Gurvinder admits that raising funds for the film was a huge challenge, in spite of all the accolades Anhey Ghore Da Daan got the world over, as he doesn’t really believe in the traditional format of a screenplay. “My scripts are never more than forty pages. Funding agencies find that too short. They want to read a script like a literary work. For me, the script is just a blue print that can give rise to cinematic liberties.”, he says. Thankfully, he found people willing to come on board who were open to the idea of elaboration and improvisation while shooting. The film is produced by Kartikeya Singh of the Film Cafe, India along with Catherine Dussart of Catherine Dussart Productions, France, NFDC, India and Sunil Doshi’s Handmade Films, India.

The film has been shot at actual locations in Punjab, that were caught under heavy militancy fire in the 1980s – Amritsar, Tarn Taran and Ferozepur districts of Punjab. Incidentally, Waryam Singh Sandhu’s stories are also set in these very places. Gurvinder also considers seasons to be as important as the locations, a thought echoed by his cinematographer, Satya Rai Nagpaul who adds. “The look came from the choice of location, the art direction and the costumes. In addition, the other key decision was the seasons of the shoot, which were the monsoons for the main body of the film and winters for the other thread. A very important element was the height of the paddy fields during the monsoon months. My process was to find the lighting and the lensing that would deliver the idea of that time through all these elements.

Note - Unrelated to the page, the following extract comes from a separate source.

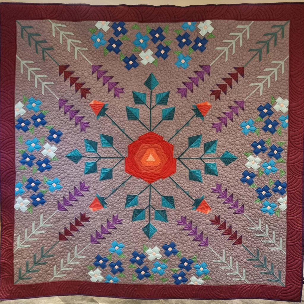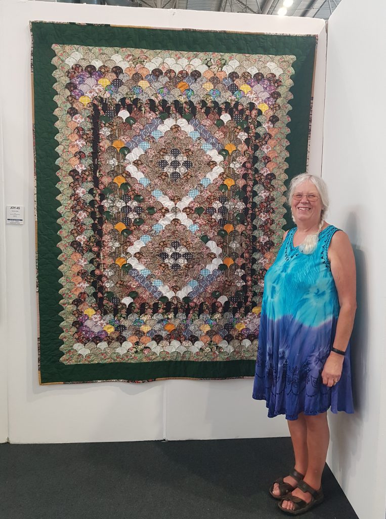 Frances Woodgate entered her “Flora Opulence” in the Two person Quilt category and was awarded 3rd place. She thanked Caitriona for her beautiful long arm quilting.

For casting his actors, Gurvinder believes that if the face of the person communicates the feeling he is looking for, then he feels the person is the one he is looking for. Whether that person can act or not, or has acted before or not, is secondary to him. But it is not just the face, it is also the voice.  “The voice should resonate with the emotion a character has to project onto a shot or scene. It’s a very abstract and intuitive thing. Sometimes the voice is totally wrong even if the face is right. They both have to come together somehow.”, he adds. Gurvinder did away with rehearsals and just directed the actor by explaining his action, the mood and his relationship to the camera in a bid to capture the rawness and energy of a spontaneous take, even if  the actor was conscious of the presence of the camera, lights and other shooting equipment.

A New Yorker living in Paris for forty years, Marc Marder, has composed the film’s musical score. Gurvinder says he wanted to work with Marder, ever since he heard his music in Rithy Panh’s The Missing Picture, which touched a chord within him. “I prefer the kind of music the does not come with a pre-configured emotion attached to it. The tonality the music takes is in response to the image and sound. Modern experimental music is more malleable to blend in with other sounds and interact with the image.”, Gurvinder explains.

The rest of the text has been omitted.